In the wake of Barack Obama’s $2.4 billion stimulus dump on electric vehicle technology yesterday, the Wall Street Journal wonders why there wasn’t more money aimed at charging infrastructure.
The Journal frames the issue as a chicken and egg problem, arguing:
Demand for electric cars isn’t likely to take off unless there are convenient ways to recharge batteries. But utilities and service-station operators aren’t likely to spend money on such infrastructure until there are enough cars on the road to make the investment profitable.
While this is a common concern for electric cars, we don’t think it will actually manifest itself as a huge stumbling block.
First off, a decent chunk of this stimulus money, $99.8 million, went to funding charging infrastructure in a few states working with Nissan to roll out its electric car at the end of 2010. Those nine markets-Tennessee, Oregon, Sonoma County, California, San Diego, Phoenix, Tucson, Washington DC, Seattle, Raleigh–will be the test cases for Nissan, as it works out the kinks on its program.
Second, the government’s decision to dump cash into battery technology doesn’t mean it’s not considering looking out for charging infrastructure. Richard Lowenthal, CEO of charging station company, Coulomb Technologies, told us earlier this year that the stimulus package provides a 50% tax break on all charging stations.

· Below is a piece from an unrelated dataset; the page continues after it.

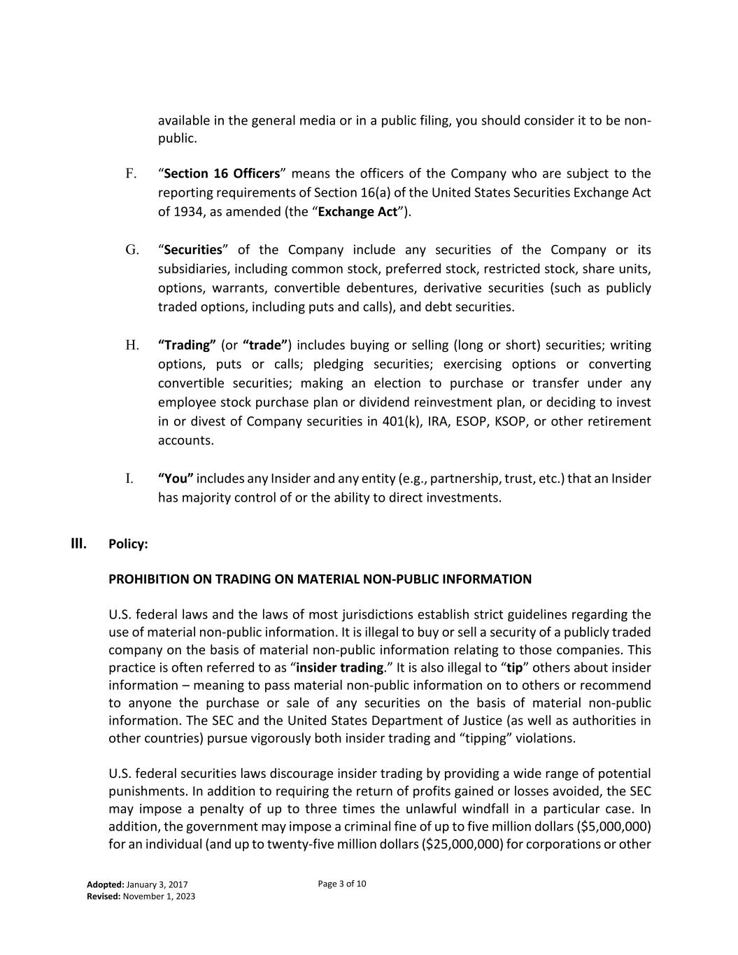 Adopted: January 3, 2017 Revised: November 1, 2023 Page 3 of 10 available in the general media or in a public filing, you should consider it to be non- public. F. “Section 16 Officers” means the officers of the Company who are subject to the reporting requirements of Section 16(a) of the United States Securities Exchange Act of 1934, as amended (the “Exchange Act”). G. “Securities” of the Company include any securities of the Company or its subsidiaries, including common stock, preferred stock, restricted stock, share units, options, warrants, convertible debentures, derivative securities (such as publicly traded options, including puts and calls), and debt securities. H. “Trading” (or “trade”) includes buying or selling (long or short) securities; writing options, puts or calls; pledging securities; exercising options or converting convertible securities; making an election to purchase or transfer under any employee stock purchase plan or dividend reinvestment plan, or deciding to invest in or divest of Company securities in 401(k), IRA, ESOP, KSOP, or other retirement accounts. I. “You” includes any Insider and any entity (e.g., partnership, trust, etc.) that an Insider has majority control of or the ability to direct investments. III. Policy: PROHIBITION ON TRADING ON MATERIAL NON-PUBLIC INFORMATION U.S. federal laws and the laws of most jurisdictions establish strict guidelines regarding the use of material non-public information. It is illegal to buy or sell a security of a publicly traded company on the basis of material non-public information relating to those companies. This practice is often referred to as “insider trading.” It is also illegal to “tip” others about insider information – meaning to pass material non-public information on to others or recommend to anyone the purchase or sale of any securities on the basis of material non-public information. The SEC and the United States Department of Justice (as well as authorities in other countries) pursue vigorously both insider trading and “tipping” violations. U.S. federal securities laws discourage insider trading by providing a wide range of potential punishments. In addition to requiring the return of profits gained or losses avoided, the SEC may impose a penalty of up to three times the unlawful windfall in a particular case. In addition, the government may impose a criminal fine of up to five million dollars ($5,000,000) for an individual (and up to twenty-five million dollars ($25,000,000) for corporations or other

If utilities want to install charging stations in preparation for a coming surge in electric cars, the stations are all half-off right now.

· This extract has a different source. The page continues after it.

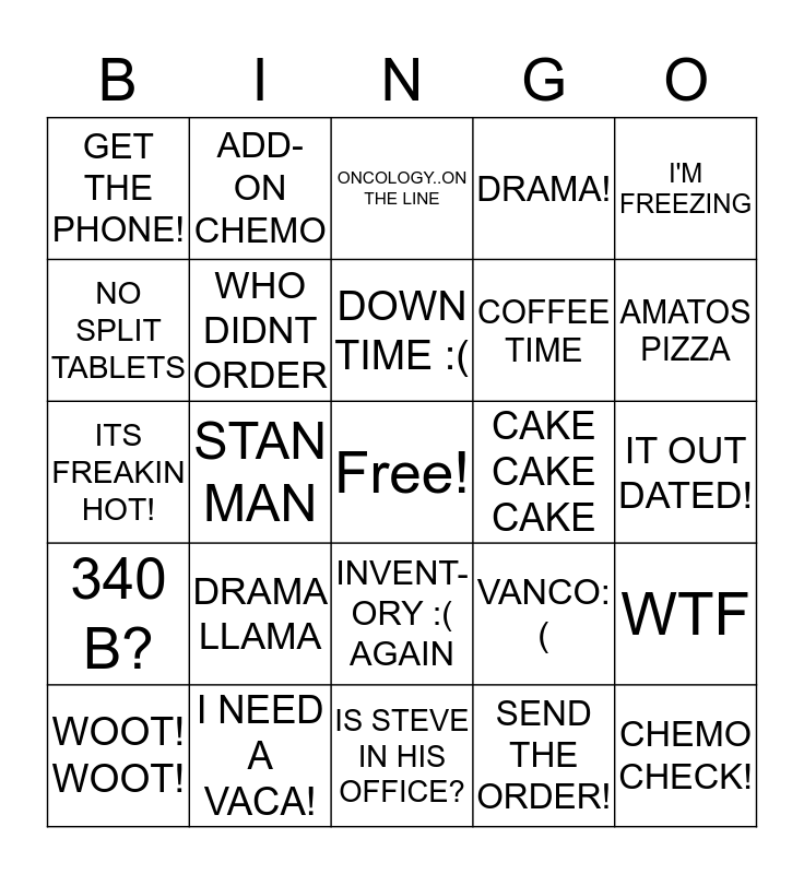 This bingo card has a free space and 29 words: WOOT! WOOT!, HEEATHEER!, STAN MAN, PILL SPLITTER, GET THE PHONE!, ONCOLOGY..ON THE LINE, WHO DIDNT ORDER, DRAMA LLAMA, CAKE CAKE CAKE, I NEED A VACA!, IT OUT DATED!, CHEMO CHECK!, IS STEVE IN HIS OFFICE?, SEND THE ORDER!, AMATOS PIZZA, SCHMITTY, INVENT-ORY :( AGAIN, 340 B?, I'M FREEZING, ITS FREAKIN HOT!, VANCO:(, CORN HOLE!!, COFFEE TIME, NO SPLIT TABLETS, DRAMA!, ADD-ON CHEMO, WTF, DOWN TIME :( and ITS about the PATIENT.

Third, this just isn’t a real problem, and we doubt it ever will be.
Despite some analysts declaring an “electric car bubble,” let’s remember there is only one electric car on the road today, the Tesla Roadster. Down the pipe we have Nissan and Coda developing pure electric cars that come out next year. Beyond that is Tesla’s Model S, which won’t be around until 2011-12.
There’s the Volt, which is a plug-in hybrid, as well as the Fisker Karma, also a plug-in hybrid. Because those cars can use gasoline when the charge is done, there isn’t a pressing need for charging stations for those cars. Plug them in at night, drive them, if the juice runs out, the gas takes over.

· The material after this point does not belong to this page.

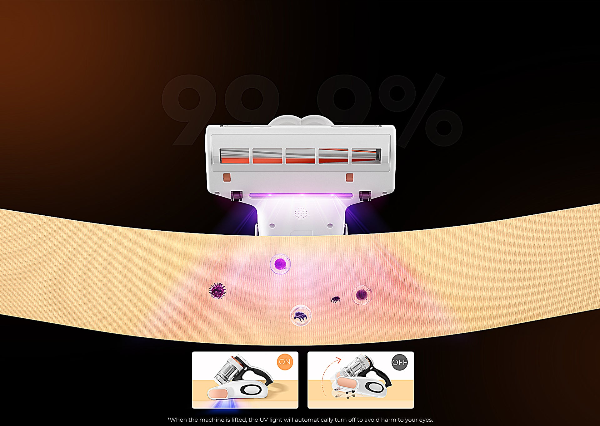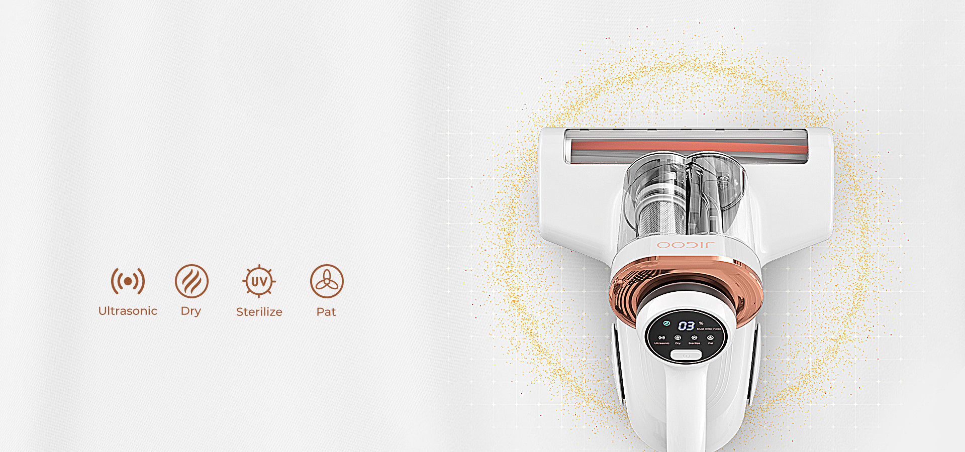 JIGOO J300 rilascia raggi UV a una lunghezza d'onda di 253,7 nm, sradicando senza sforzo le cellule degli acari ed eliminando il 99,9% degli acari e dei batteri che si annidano all'interno del materasso. Nel frattempo, emette onde ultrasoniche per interrompere il sistema nervoso degli acari. Per la tua sicurezza, la luce UV si spegnerà automaticamente quando la macchina viene sollevata per evitare danni agli occhi.

Coda is aiming for 20,000 units sold by 2011, Nissan hasn’t officially announced sales targets, but let’s say it’s way higher, 60,000. By the end of 2011, we’re looking at–very optimistically–over 80,000 pure electric cars on the road. Lowenthal says you need about two charging stations per car, one at home, one at work, or elsewhere. That means we need 160,000 stations installed around the country.
He thinks his company will be installing over 520 stations a month by the end of next year. If his projections are even off by half, the charging infrastructure should be in place. (Plus, he’s not the only charging company in the country.)
But, let’s say it’s not. Are the earliest adopters of electric cars really going to be turned off by a lack of charging stations? Is anyone going to own an electric car as their primary vehicle? Probably not for the first few years. It will be a commuter car, one that comes with accepted limitations.
As the cars catch on in the mainstream–or, if they catch on–then the charging stations will spring up naturally. If I own a strip mall, and I can offer a charging station to my customers, there’s no way I don’t do it. It’s a good way to draw in business. At minimum, the customer is stuck in my mall for 30 minutes, while the car juices up.
Should the government have dumped more money into charging stations? It’s arguable, as it’s a technology that’s ready today, would put people to work and create infrastructure, twin goals, that are important to the stimulus package.
But, it’s more important to spend money on the batteries to make these cars in the first place. Without the cars, there is absolutely no need for charging stations. Calling this is a chicken and egg problem is wrong.